Methods: The Juvenile Arthritis Foot Disability Index (JAFI), Child Health Assessment Questionnaire (CHAQ), and pain visual analogue scale (VAS) were recorded in 30 consecutive established JIA patients attending routine outpatient clinics. Foot deformity score, active/limited joint counts, walking speed, double-support time (s) (DS) and step length symmetry index % (SI) were also measured. Foot-care provision in the preceding 12 months was determined from medical records.

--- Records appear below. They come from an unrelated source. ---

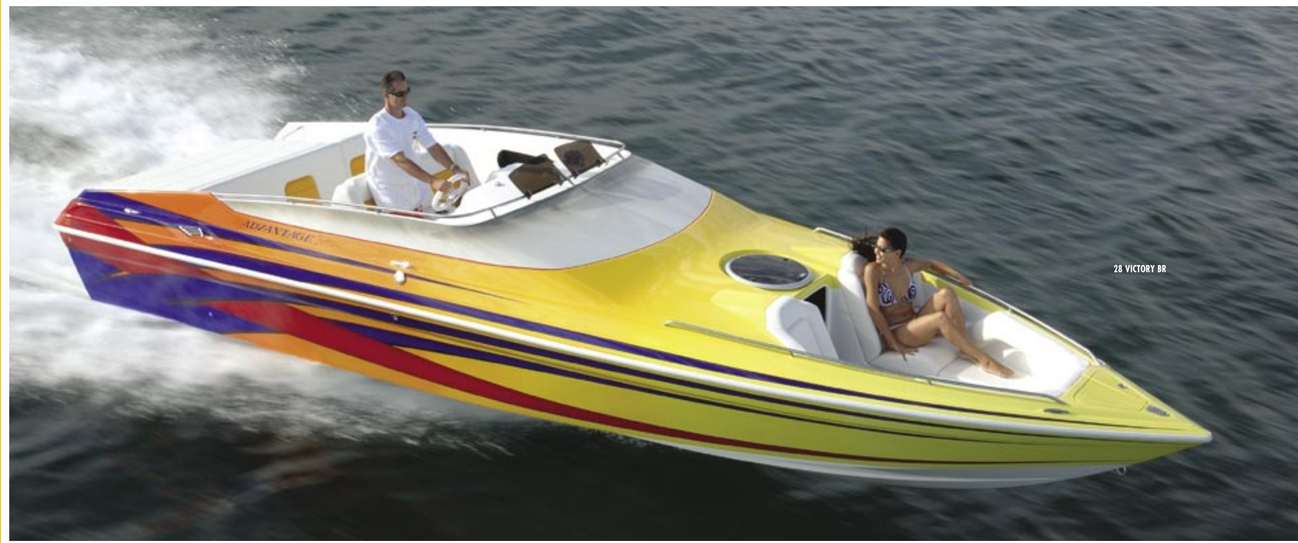
28 VICTORY BR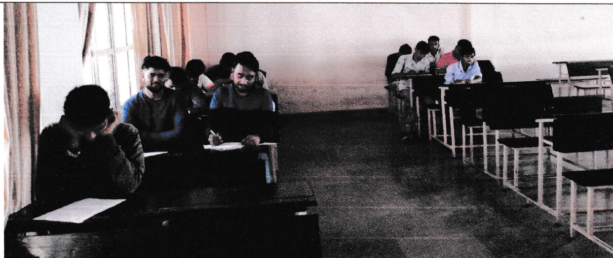
5 th semester students a ended the Awareness Session on the Importance of Personality Diagnos c Test and its Outcomes held on 6 th December 2021.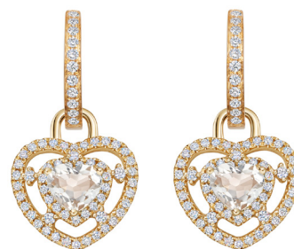
Kiki McDonough Lovestruck Topaz and Diamond Earrings £2,400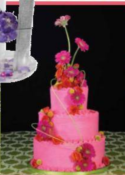
NEW! OASIS™ Button Wire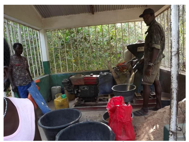
Rice-Husker delivered to the Community of Barraca Biro.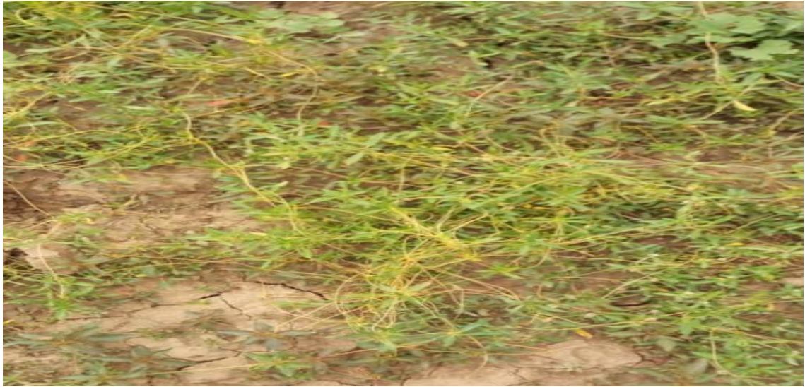
Fig. 4. The dodder parasite on ( Corchorus oleratus ) Location Atherne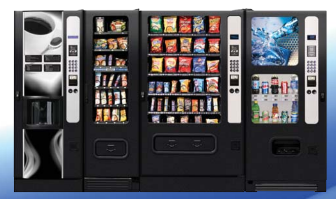
Full Line Vending Products & Services

Dispense a broad menu of premium & specialty beverages.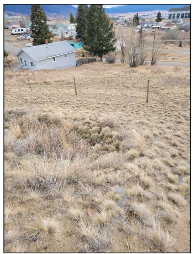
Photograph 7: Possible Historical Mine Exploration Pit.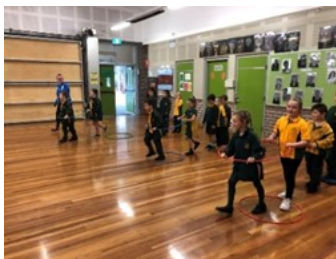
Bus stop game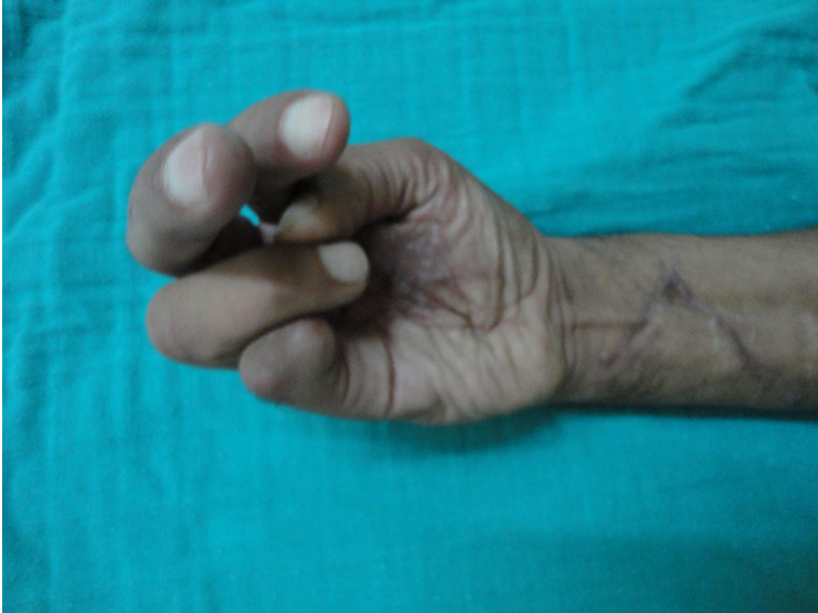
Figure 5: Restoration of finger flexion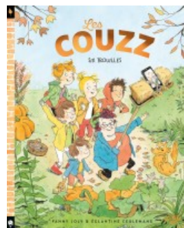
Les Couzz - Six trouilles

Results: Sixty-three per cent of children reported some foot impairment, with a median (range) JAFI subscale score of 1 (0-3); 53% reported foot-related activity limitation, with a JAFI subscale score of 1 (0-4); and 60% reported participation restriction, with a JAFI subscale score of 1 (0-3). Other reported variables were CHAQ 0.38 (0-2), VAS pain 22 (0-79), foot deformity 6 (0-20), active joints 0 (0-7), limited joints 0 (0-31), walking speed 1.09 m/s (0.84-1.38 m/s), DS 0.22 s (0.08-0.26 s) and SI ±4.0% (±0.2-±31.0%). A total of 23/30 medical records were reviewed and 15/23 children had received DMARDS, 8/23 biologic agents and 20/23 multiple intra-articular corticosteroid injections. Ten children received specialist podiatry care comprising footwear advice, orthotic therapy and silicone digital splints together with intrinsic muscle strengthening exercises.

Conclusion: Despite frequent use of DMARD/biologic therapy and specialist podiatry-led foot care, foot-related impairment and disability persists in some children with JIA.